Веселее всего жилось ему на тральщике, по крайней мере беззаботно. Там не нужно было каждый день учить уроки и переживать за каждую тройку, а случалось, что и двойку. Не за себя переживал: почти все хлопцы в его классе не любили «прилизанных» пятерок и считали «нормальную» тройку достойной всякого мужчины оценкой. Иван жалел маму, ее усталые руки, листающие дневник, красные от шахтной пыли и сквозняков глаза, обиженные до слез его «нормальными» тройками.

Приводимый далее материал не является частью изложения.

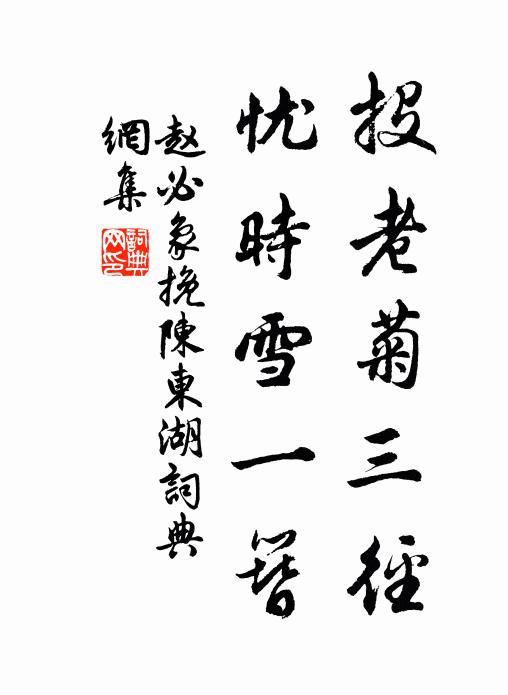 古詩文歷史字典書法欣賞書法字典國語詞典說文解字康熙字典古漢語字典投老菊三徑,憂時雪一簪趙必象 《挽陳東湖》名句出處出自宋代趙必象的《挽陳東湖》全文:邯鄲法夢覺,歸臥讀書林。投老菊三徑,憂時雪一簪。魚安知我樂,鷗自識翁心。已矣鍾期死,眼前誰嘗音。趙必象詩詞大全名句書法欣賞投老菊三徑,憂時雪一簪書法作品趙必象名句,挽陳東湖名句名句推薦佳人休唱好因緣葉夢得《浣溪沙(送盧倅)》甲子謠言未足聽,沛然甘澤以時行杜范《春雨甲子而潤澤不違時夏已更秋方慮乾涸一夕》豈惟如是說,實亦造佳處曾幾《讀呂居仁舊詩有懷其人作詩寄之》何處雲山君待我,更煩先寄彩雲歌晁說之《流寓海陵半年忽得周元仲分寧書欣慰與常日不》靜陳玉檻連琴榻,密映珠簾對酒壺徐鉉《奉和御製棋二首》平時欣侍從庾信《和從駕登雲居寺塔詩》閉眼歸默存,助發梨棗春陳與義《陪諸公登南樓啜新茶家弟出建除體詩諸公既和》只雪明朝日,山河坐可分司馬光《雪霽登普賢閣》飢鶩貪魚沒,高鴻望渚遵宋庠《淮上》會看木人牽鋸,始令石女穿針釋印肅《三昧諸頌》何事明時泣玉頻,長安不見杏園春紀唐夫《送溫庭筠尉方城》惟有寄情芳草,依舊萋萋毛並《風流子》尾短更兼須又禿,強將他鬭不擔財賈似道《鬭法八條》吟喔翠微裹,縹緲如翔鵠許沆《題君祥北岩》夢回非想天中界,身是無懷國裹官洪咨夔《西龍道院》詩詞推薦題河州赤岸橋呂溫〔唐代〕左南橋上見河州,遺老相依赤岸頭。匝塞歌鐘受恩者,誰憐被發哭東流。偶書三首張耒〔宋代〕周郎戰處滄江回,魚龍盪潏山石摧。荊州艨艟莫舉楫,走君不勞一炬灰。當年雄豪誰復在,喬木荒煙忽千載。蘄州半月泉蘇軾、曹輔、劉季孫、鮑朝懋、鄭嘉會蘇軾〔宋代〕請得一日假,來游半月泉。何人施大手,擘破水中天。宿州范成大〔宋代〕狐鳴鬼嘯夜茫茫,元是官軍舊戰場。土伯不能藏碧磷,三三兩兩照前岡。惜分飛毛滂〔宋代〕恰則心頭托托地。放下了日多縈系。別恨還容易。袖痕猶有年時淚。滿滿頻斟乞求醉。且要時閒忘記。明日劉郎起和子召見寄李洪〔宋代〕獨泛滄浪一釣舟,未償尋壑與經邱。霜清叵怯吳江冷,酒賤難從越女留。游鹿台荒人既往,采香逕遠宿須投。客游襄武館游眺韋應物〔唐代〕州民知禮讓,訟簡得遨遊。高亭憑古地,山川當暮秋。是時粳稻熟,西望盡田疇。仰恩慚政拙,念勞喜歲收。澹泊次韻淨照方岳〔宋代〕一筇一衲出山相,不道斯人故可人。我已久聞揮翰手,師寧相對坐禪身。山林有味青燈古,天地無情白髮新。認取詠史下蜀先主陳普〔宋代〕養虎荊州歲欲闌,一家豚犬不勝安。振振公族麟之角,妄作山林猛獸看。送郡守張宗丞蕭元之〔宋代〕本是詩書種,躬耕寂寞濱。傾家市鞍馬,捐命犯風塵。幕府差功級,京華困旅貧。不如歸去好,依舊號詩人。

Потому восьмой класс он закончил едва ли не на похвальную грамоту. И все же бросил школу, пошел в депо сначала буксомойщиком, потом учеником токаря.

Позже, когда он уже служил, мама написала, что женщин из шахты вывели и теперь она работает на поверхности лебедчицей, поднимает вагонетки с породой на террикон. Заработок, конечно, не тот, что в шахте, но ей, одной душою живя, больше и не нужно. Она часто присылала ему посылки с папиросами и яблоками, и папиросы всегда пахли яблоками, а яблоки — папиросами…

Виделась бухта меж береговыми скалами, в которой они стояли со своими тральщиками, виделась в штили, такая гладенькая, ласковая, залитая солнцем, и вздыбленная штормом: свинцово-тяжелые волны, мглистая стена серого горизонта, и ветер такой, что они завязывали ленточки под подбородком, иначе сорвет бескозырку, понесет в небо, как черную птицу, бросит белым баранам на гребнях свинцовых волн.

Под грохот шторма доски казались легче…

Вспомнился товарищ, родной, как брат, Саня Бэглых из Забайкалья, невысокий, дебелый хлопец, гитарист, баянист, заядлый танцор и спортсмен-пятиборец. Не давались ему так же, как и Ивану, только прыжки в воду. И все же, когда спортивной команде, защищавшей честь их экипажа на флотских соревнованиях, грозил «ноль» в графе «прыжки в воду», они с Саней согласились прыгать. И шарахались с пяти-, потом с десятиметровой вышки, перевертываясь в воздухе под раскатистый хохот судей и спортсменов-прыгунов, пока не закончились соревнования. Бэглых набил о воду синяки на груди, бедрах, икрах. И стал весь синий, потому что был тяжелее Сани. Им засчитали несколько очков, даже больше, чем следовало бы: за волю к победе, сказали судьи смеясь…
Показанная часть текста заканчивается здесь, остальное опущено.